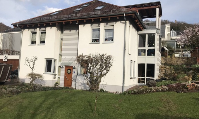 Live in a wonderful, quiet area and use our well-tended guests. The terrace invites you to relax after using your own infrared sauna. Vineyards and forest of the Hessische Bergstrasse are only 200 m from the house. The living-bedroom has a small kitchenette and you can start the grill on the wonderful terrace. Of course there is free WiFi and flat screen TV
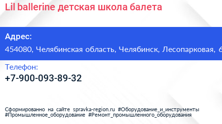 Lil ballerine, детская школа балета по адресу 454080, Челябинская область, Челябинск, Лесопарковая, 6 в дальнейшем Организация, размещена в следующих категориях:
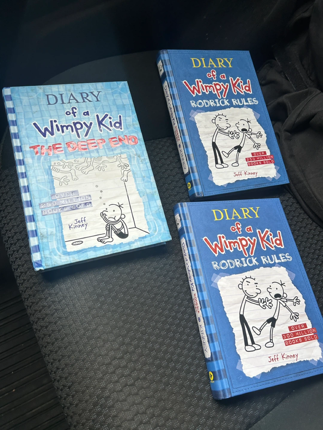Diary of a Wimpy Kid The Deep End and two copies of Rodrick Rules by Jeff Kinney. These books are part of a popular children's series. Great for young readers!

========

### Task goal
Starting at the line that contains "Lil ballerine, детская" and ending at the final line of the data, reproduce each line exactly. Pictures stay out of the copy.

### Exercise answer
 Lil ballerine, детская школа балета по адресу 454080, Челябинская область, Челябинск, Лесопарковая, 6 в дальнейшем Организация, размещена в следующих категориях:
Diary of a Wimpy Kid The Deep End and two copies of Rodrick Rules by Jeff Kinney. These books are part of a popular children's series. Great for young readers!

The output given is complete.